Los Angeles County just dropped the gavel: George Gascón is out. After years of skyrocketing crime, disillusionment, and distrust among millions of residents which resulted in two recall attempts, Angelenos have had enough. In his reelection, incumbent District Attorney George Gascón suffered a landslide defeat by former US Assistant Attorney General Nathan Hochman. Hochman, a career prosecutor with an illustrious resumé and an even stronger background of community involvement in LA, has turned a page in this county to a future of sanity, justice, and frankly, common sense.
Under the last four years of Gascón’s administration, Los Angeles County’s public safety was not only the world’s laughing stock and a common conservative punching bag, but also became a case study in what happens when ideology trumps accountability. Blanket policies, no questions asked. Sentencing enhancements? “Pass.” Victims’ rights? Hard to find. Instead of tailoring justice, Gascón’s reforms were one-size-fits-all. His sweeping directives on Day One, which included barring prosecutors from charging 13 specific misdemeanors, applying sentencing enhancements, requesting cash bail for misdemeanors, or attending parole hearings, left residents and victims such as Emma Rivas—whose son’s murderer failed to receive enhancements from Gascón—to wonder if their safety was a priority.

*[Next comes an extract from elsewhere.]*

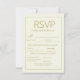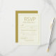 Modern kräm- och guld-bröllop OSA-kort formaterad lodrätt. Det här kortet är designat för att du ska kunna svara med antalet deltagare och deras val av två kurser och en dessert. Kontakta oss om du behöver hjälp med att anpassa eller matcha produkter.

As crime increased by every metric all over the county, the ripple effects were just as ugly inside the Hall of Justice. Gascón faced not one, but two recall attempts, each driven in large part by leaders from minority communities who have borne the brunt of the violence, as well as his own deputy DA’s union, who voted by 98% to back them. Lawsuits against him piled up as his own deputy district attorneys accused Gascón of forcing them to sideline their professional judgment, often at the expense of justice. Morale hit rock bottom in the DA’s office, with long-time prosecutors feeling demoralized and sidelined. Veteran child abuse prosecutor and primary election candidate Jonathan Hatami put it bluntly: “He’s unwilling to bend. He’s unwilling to collaborate. He’s unwilling to meet with people who have experience to help him understand how things go. It’s absolutely shocking that we voted for somebody that has no experience in the job whatsoever.” When even the people in the trenches feel the system’s broken, it’s only a matter of time before the public catches on.